**THE DATA**
BEGIN

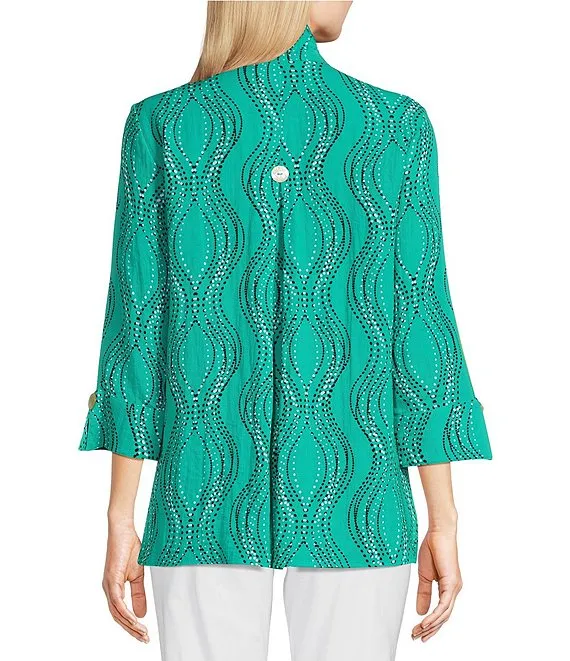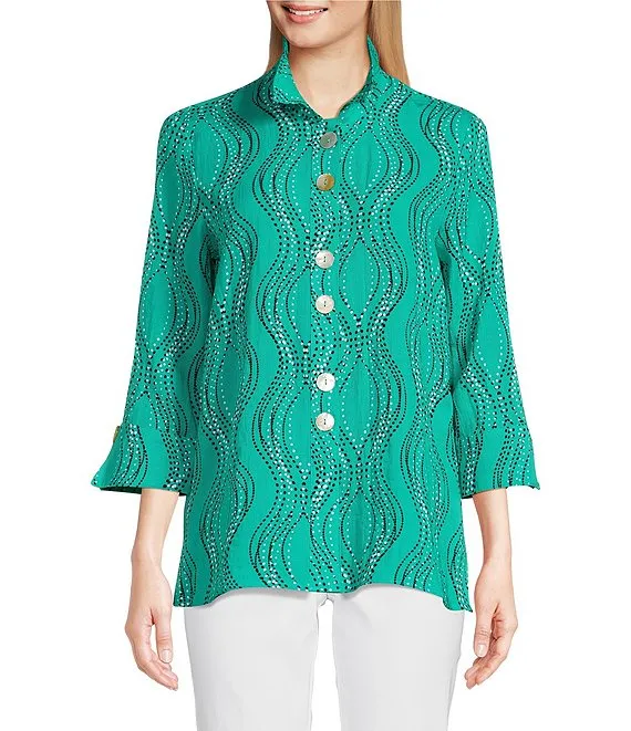Wavy Dotted Wavy Lines Print Wire Collar 3/4 Cuffed Sleeve Button-Front Shirt
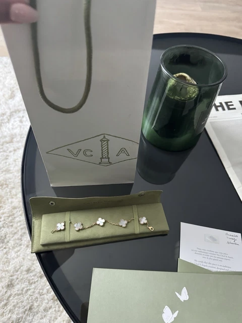 Bracelet Van Cleef & Arpels Alhambra vintage en nacre, 5 motifs, 19 cm. État neuf avec étiquettes. Expédié par USPS Ground Advantage.
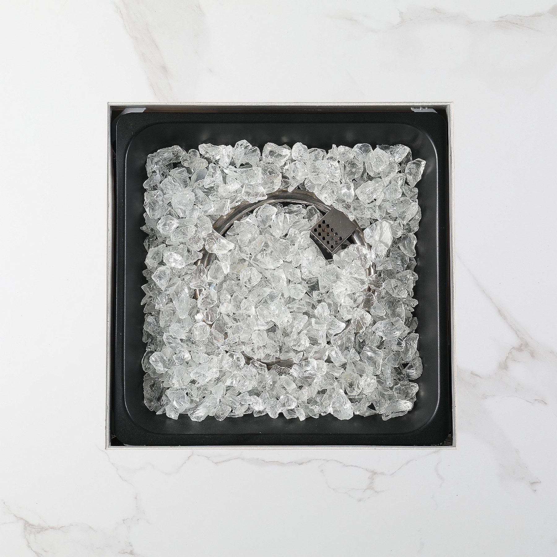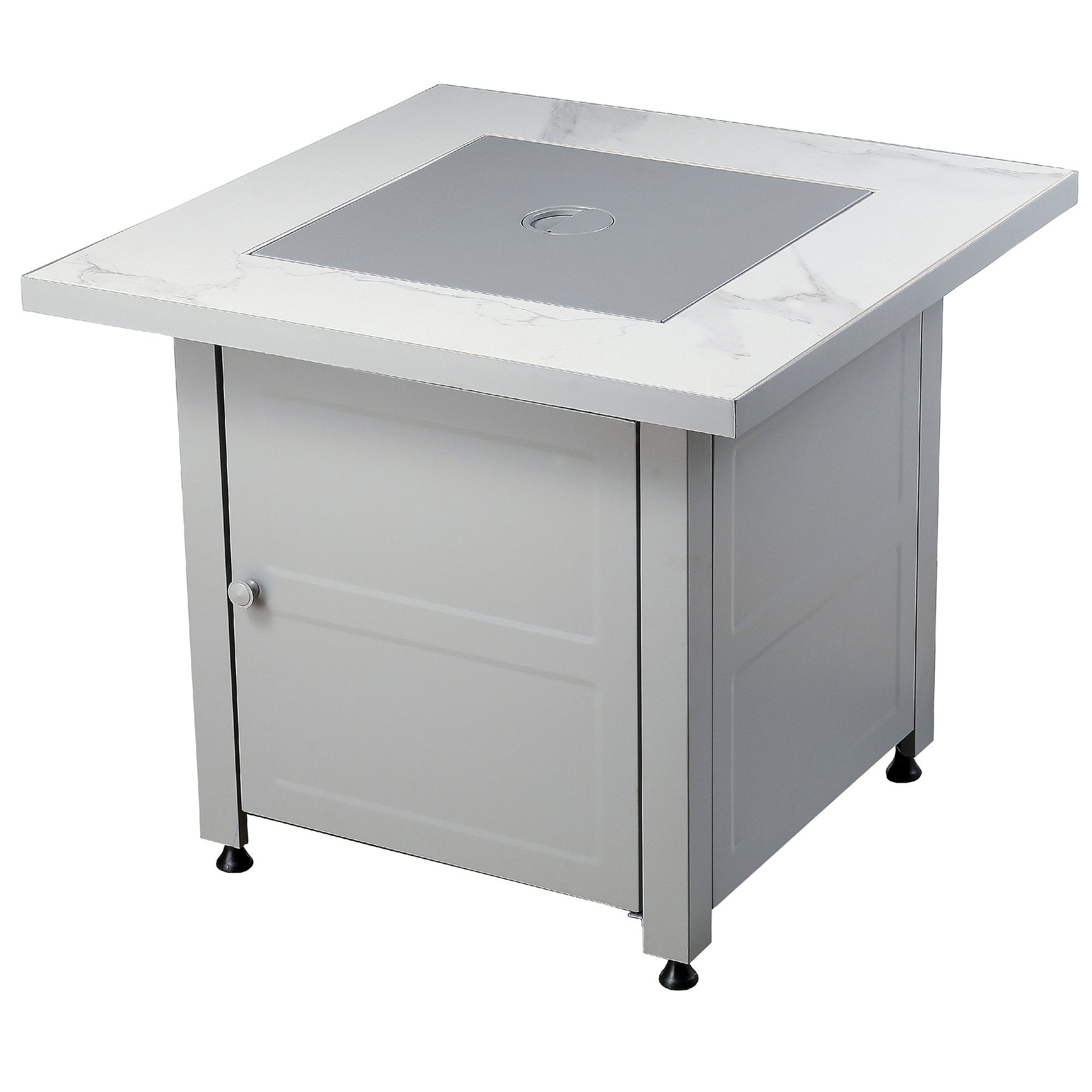 - Elegant stainless-steel square firepit table that runs on an LP gas propane tank (not included)

END

**TASK REQUIREMENTS**
Once the pictures have been removed, reproduce each line of the material above exactly.

**RESULT**
Wavy Dotted Wavy Lines Print Wire Collar 3/4 Cuffed Sleeve Button-Front Shirt
 Bracelet Van Cleef & Arpels Alhambra vintage en nacre, 5 motifs, 19 cm. État neuf avec étiquettes. Expédié par USPS Ground Advantage.
 - Elegant stainless-steel square firepit table that runs on an LP gas propane tank (not included)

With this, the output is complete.